A study into best practice in community legal information

Report by Ms Johann Kirby, Executive Director, Victoria Law Foundation

In 2010 Joh Kirby from Victoria Law Foundation in Australia was awarded a Churchill Fellowship which allowed her to travel to across the world to study developments in the area of plain language and community legal information. Ms Kirby visited Canada, the USA, Sweden and England.

Read the report A study into best practice in community legal information (514 KB)

Caroline Lindberg, Staff Lawyer at CLEO – Community Legal Education Ontario – gives us her personal view of the findings:

‘In the spring of 2011, I met with Joh Kirby when she came to CLEO (Community Legal Education Ontario/Éducation juridique communautaire Ontario) in the course of her travels to research and write about developments in plain language and community legal information. It was exciting for us to be part of her journey and the release of her report has provided another welcome opportunity to think about the questions and themes that she addresses.

‘Reading the report prompted the following reflections:

  • In looking for answers to the question “What’s the world’s best practice in community legal information?” the report identifies seven consistent themes. These include, on the one hand, the use of technologies and, on the other hand, a continued focus on hardcopy (print) publication. There is no contradiction in this if we understand the choice of medium as being informed by other aspects of best practice, such as knowing your audience, and formulating an effective distribution strategy. Our understanding of how best to use new technologies will flow from an understanding of our audiences and how to reach them. By recognising simultaneously the potential in new technologies and the enduring value of print, the report underlines the idea that what is effective must be more important than what is cheapest or most “innovative”.
  • How are we to know what is most effective? We need research that will “more fully document how community legal information is used; its benefits and what steps can be taken to improve its delivery”. Not only will research help us understand how we can improve the quality of our work, it will help us fight for the funding we need to do that work. Defining the research questions and identifying the right collaborators – community participants as well as experts in relevant fields of study; these are exciting and important challenges for us. At CLEO, we are doing research to learn more about when and how legal information resources can be effective and we look forward to sharing what we learn.
  • The importance of sharing ideas and learning from other sectors is a “key finding” of the report and has been a vital part of my own education as a practitioner. I was drawn to this work in part because it involves collaboration, it is cross-disciplinary in nature, and there is always so much more to learn. In the not-for-profit sector, it can be difficult to find the time and the money for activities that are not seen as resulting directly in a “product” or, in today’s jargon, a “deliverable”. The internet facilitates learning and sharing across borders and time zones and it’s become hard to remember how we managed without it. That said, opportunities to meet with others face-to-face, whether at conferences or otherwise, have contributed deeply to my own professional development. Presentations on user-testing, writing for the web, and information design at PLAIN and Clarity conferences stand out for me, as do the discussions about professionalisation of plain language.
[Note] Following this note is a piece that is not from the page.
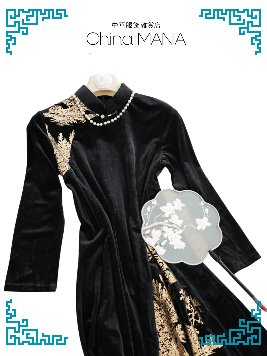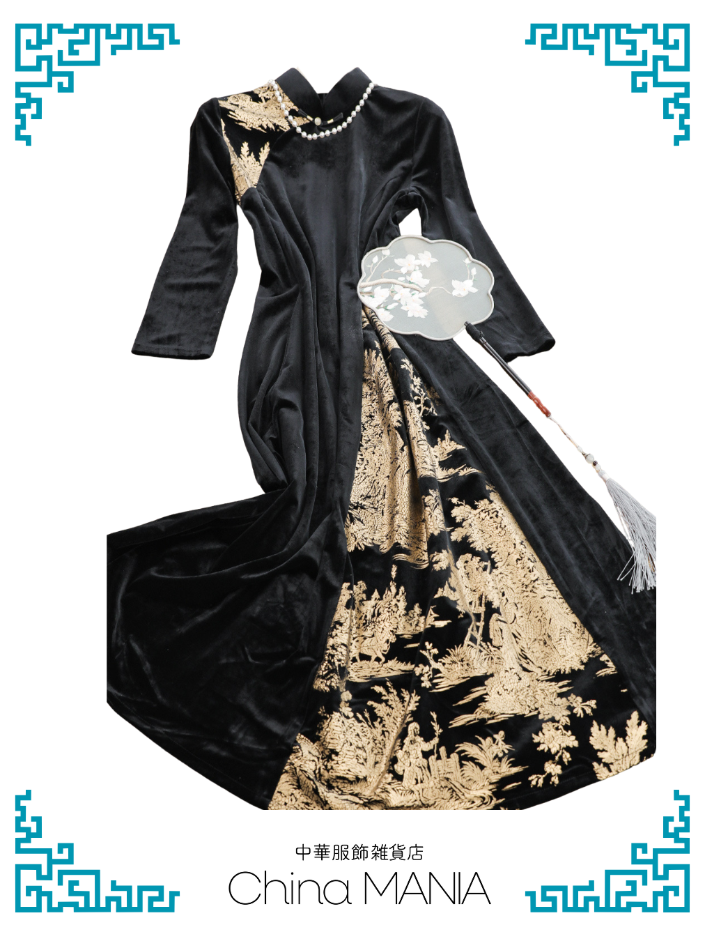 【旗袍ワンピ】黒×金×ワンピース【秋冬新作】

‘The report finds that many of us working in this field struggle to meet the needs and lack the funding that would enable us to do more. The report’s recommendations are aimed at finding ways to support and strengthen the sector by increasing awareness of the benefits of the work we do, conducting research to help us do it better, exchanging information with others doing similar work, and investigating both the establishment of awards and standards and, looking to the United States and South Africa, the passage of legislation requiring clear communication. Research and information exchange are the initiatives that I am most excited about, and these are priorities for CLEO.’
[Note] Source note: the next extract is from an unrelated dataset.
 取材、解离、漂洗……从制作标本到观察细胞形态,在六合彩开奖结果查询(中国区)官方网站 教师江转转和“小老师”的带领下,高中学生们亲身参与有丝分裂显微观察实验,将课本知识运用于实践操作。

Our thanks to Caroline Lindberg at CLEO – Community Legal Education Ontario – in Canada for writing this review for Law for Life.
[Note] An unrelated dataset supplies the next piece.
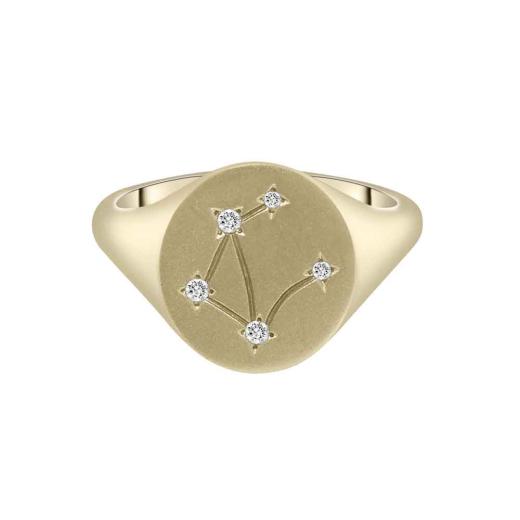 Introducing the exquisite Zodiac 10K Yellow Gold Diamond Libra Signet Ring, a truly special piece that combines the elegance of yellow gold with the celestial beauty of diamonds.

Read A study into best practice in community legal information (514 KB)

Community Legal Education Ontario

For close to 40 years, CLEO (Community Legal Education Ontario/Éducation juridique communautaire Ontario) has developed clear, accurate, and practical legal rights information to help people in the Canadian province of Ontario who have low incomes or who face other barriers such as language or literacy to understand and exercise their legal rights.

CLEO’s information is available in a variety of languages and formats, in print and online, and covers key legal topics, such as housing, social assistance, employment, immigration, and family law.

CLEO also conducts research on effective ways of developing and delivering legal rights education and information, and undertakes innovative pilot projects, through its recently founded CLEO Centre for Research & Innovation.